Over the entrance, hangs a blackboard, listing the vegetables for sale that day: beets, carrots, cucumbers, string beans, etc., filling the blackboard from top to bottom. You scan the list and go down the steps into the cellar. You have to stoop a little as you enter, but once inside, since you are not very tall, you can stand erect with confidence.
There are several customers ahead of you, so while waiting your turn, you have time to look around. You notice a tall man who seems to be immobile. He is standing between two beams. He has learned his lesson from a sad experience and seeks out his place every time he comes, you believe.
A woman in a bathing suit is being waited on. You wonder if she is going in bathing or has been in, or is just trying to keep cool. A young mother with two children is having a hard time keeping them in line. The girl is helping herself to string beans by the handful, and the boy is "weighing his hand" by bearing down on the scale with all his might.
How cool it is down here! Twenty degrees cooler than outside. The man who preceded you says to his companion, "Coolest place I've struck today," to which his friend replies, "You can't beat these old-time cellars." You mentally agree with him as you scan the beams overhead. Hand-hewn! Wooden pegs! An arch chimney! You remember reading once they hadn't been built since the 1700's. Yes, that's right. This is WAYSIDE FARM at 263 Mill Road in Hampton. Built in the late 1700's and purchased in 1925 by Marshall and Dorothy Holman from Jacob Purington, and they operated it as a "truck garden" until Mr. Holman's passing in 1965.
Along with the cool comfort of the store, you notice a wonderful smell of fresh, green things with onion aroma predominating. Your eyes come to rest on the counter before you on which is displayed all the makings of a tossed salad; red, ripe tomatoes; crisp, cool heads of lettuce, radishes, scallions, and even small bunches of cress. Looking down, you note boxes of cucumbers, two of them; those in one box being half the price of those in the other. You hear the clerk explaining to a customer the difference being in the freshness; day-old ones selling for half-price.

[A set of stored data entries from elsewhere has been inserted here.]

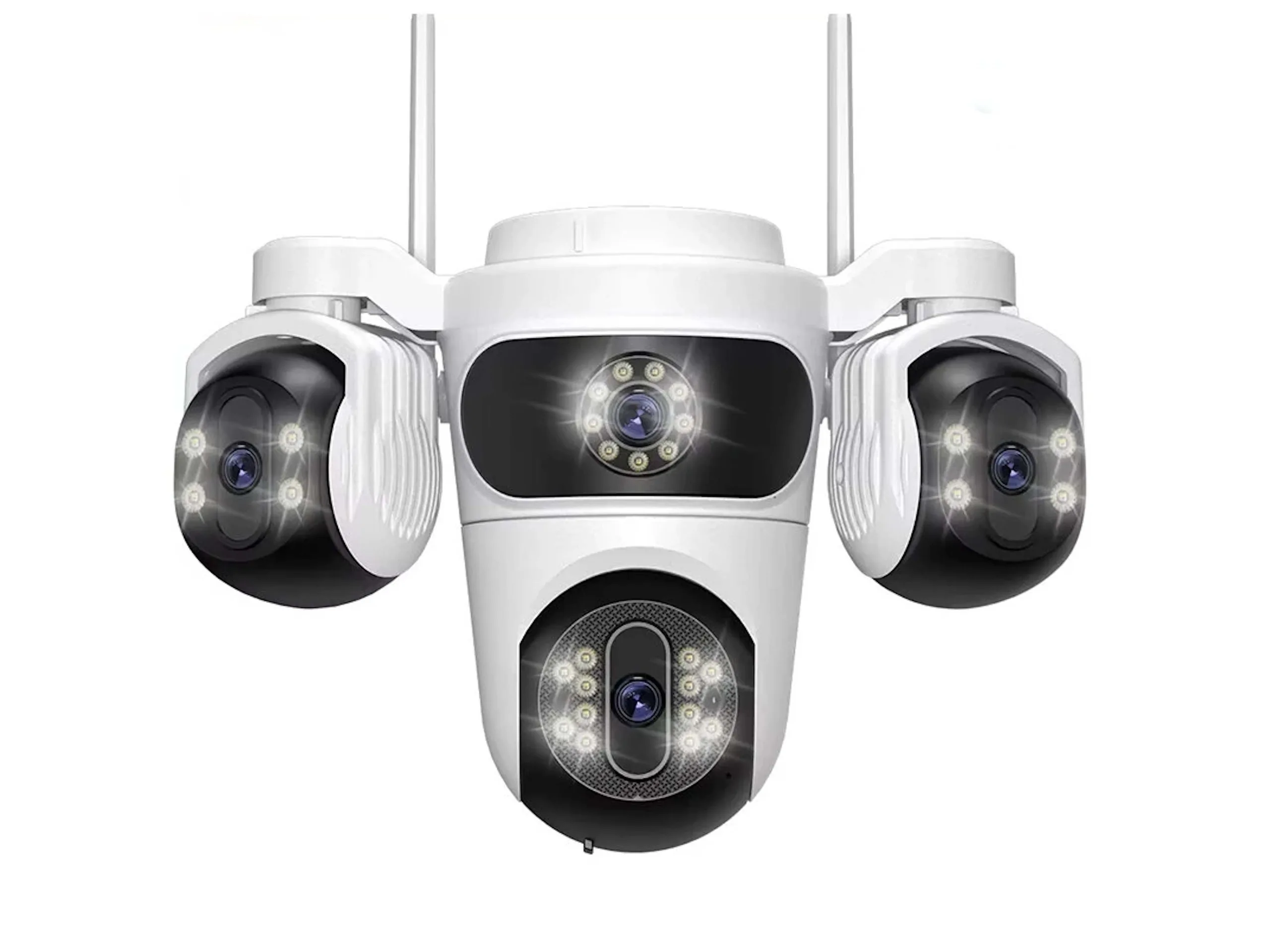 A prima vista, il WQQ890-XM-2 sembra addirittura includere quattro fotocamere. Tuttavia, la telecamera superiore al centro è solo un manichino. In ogni caso, questa telecamera di sicurezza ha una risoluzione di 1920 x 1080 pixel, il che significa che il WQQ890-XM-2 non produce immagini particolarmente nitide. Solo la telecamera inferiore può essere spostata in remoto, mentre le altre due telecamere devono essere regolate manualmente. Il dispositivo offre un rilevamento automatico delle persone basato sull'AI, in quanto la telecamera inferiore può seguire determinate persone.
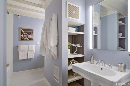 Feldon and his team saved the homeowner money by keeping the bathroom fixtures where the builder had put them. New paint, finishes and lighting personalize the space.
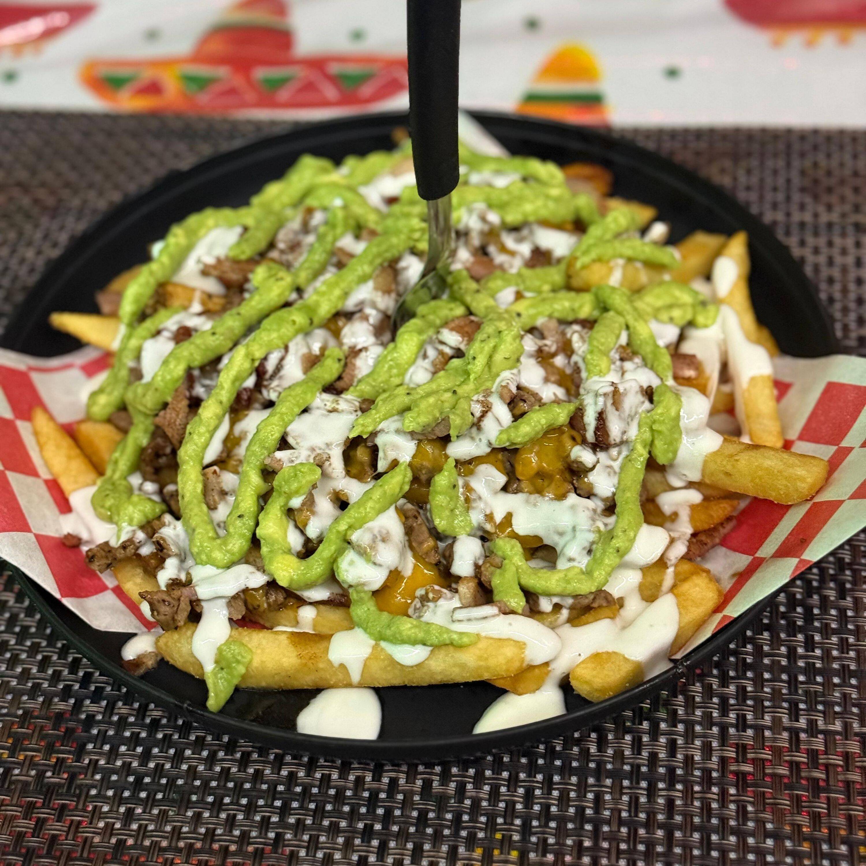 400g de papas acompañadas de carne asada bañadas en queso chedar,crema,guacamole y jalapeños
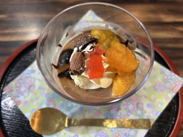 普段はお膳のみでの注文だったが、今回は最初で最後のデザートを付けた。チョコプリンに、ちょこっと時間の癒し。
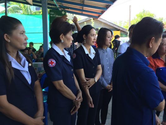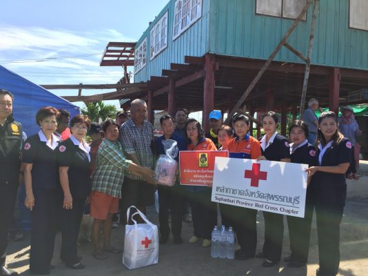 นายนิมิต วันไชยธนวงศ์ ผวจ.สุพรรณบุรี นายสุจินต์ วาจากิจ นายอำเภอเมืองสุพรรณบุรี นางปวีณ์นุช พุ่มพฤกษ์ หัวหน้าสำนักงานป้องกันและบรรเทาสาธารณภัยจังหวัดสุพรรณบุรี พ.ท. อภินันท์ แสงคุ้มภัย หัวหน้าฝ่ายข่าว กกล.รส.มทบ17 พื้นที่สุพรรณบุรี เปิดเผยว่า ขณะนี้ จ.สุพรรณบุรี และคณะเหล่ากาชาดจังหวัดสุพรรณบุรี เดินทางเยี่ยมเยียนให้กำลังใจและมอบเครื่องอุปโภคบริโภคเพื่อบรรเทาทุกข์ในเบื้องต้นให้ชาวบ้านที่ ต.สระแก้ว ต.สนามคลี อ.เมืองสุพรรณบุรี ซึ่งมีบ้านเรือนประชาชนได้รับรายงานความเสียหายจากวาตภัยมากที่สุด
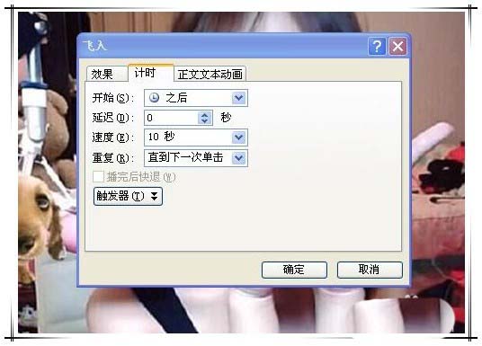 7、如图所示点击动画后的下拉框,选择“效果选项”,在打开的窗口中,切换到“计时”页面,在“速度”选项后的文本框中直接输入“10”,并在“重复”选项中选择“直到下一次单击”,确定保存。
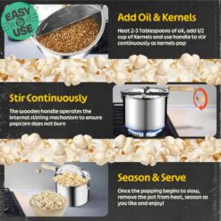 - EASY TO CLEAN – This popcorn pan is made of durable stainless-steel that is easy to clean without requiring any soap and water. Simply wipe the inside of the popcorn popper and store it away for later use.
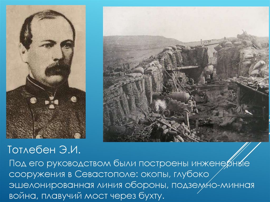 Тотлебен Э.И.Под его руководством были построены инженерные
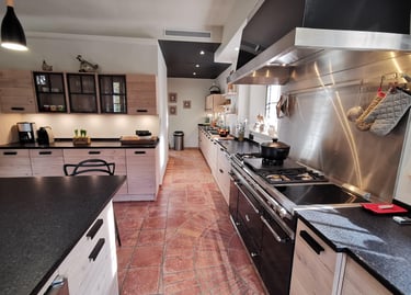 Le grand piano de cuisson et l’îlot central renforcent l’aspect convivial de la pièce, pensée pour recevoir et cuisiner sans contrainte.

You watch her busily filling the customers' wants, weighing out string beans, picking out bunches of beets, and choosing just the right cucumber. She is middle age, you should say, around fifty, fairly plump, and is dressed in a plaid gingham shirt and blue dungarees. She talks as she works, asking after the health of the family, and suggesting methods of cooking to the inexperienced.
The tossed salad counter is only a small part of the store. Arranged along the sides on racks, are foot and a half from the floor are numerous boxes, each containing a different vegetable -- yellow and green string beans, early cabbage, three kinds of greens, spinach, endive, chard, beets, carrots and summer turnips. You notice everyone is asking for sweet corn, and you hear the clerk say, "The mister has gone to the field to get some and will be back soon if you want to wait." Your mouth waters when you think of corn right out of the garden!
Soon you hear the chug of a Model "A" and all eyes turn toward the entrance as someone says, "Here he comes!" Downs the steps and into the store comes the farmer. He is carrying a bushel basket piled high with corn. He sets it down and mops his face with a blue bandana. The clerk commences to count out the ears. You count with her (to yourself, of course) and notice she puts in thirteen to every dozen, seven to every half. The man ahead of you gives his order. "Two dozen, please. I'm having folks down from the city and I want to feed them real corn."
And now it's your turn. You order the tossed salad ingredients and your half dozen corn. The crowd has thinned out. You notice you're the last customer. The rush is over for a while. You pick up your purchases and leave, noticing as you do so, a sign over the door which reads, "DUCK". You smile and do just that!
The farmer and his wife follow you out and sit down on the top step. You're vacationing at the beach and are in no hurry to get back to the cottage. Besides, it's so nice and quiet here and you'd like to talk to these people.
You ask about help. Do they do all the work themselves? "No", the farmer answers, "we just have a neighbor boy (Clarence Barrett now of Rochester, NH) of twelve who came to us when he was ten. We tried him out for a week and found him such a good and willing worker that we kept him on.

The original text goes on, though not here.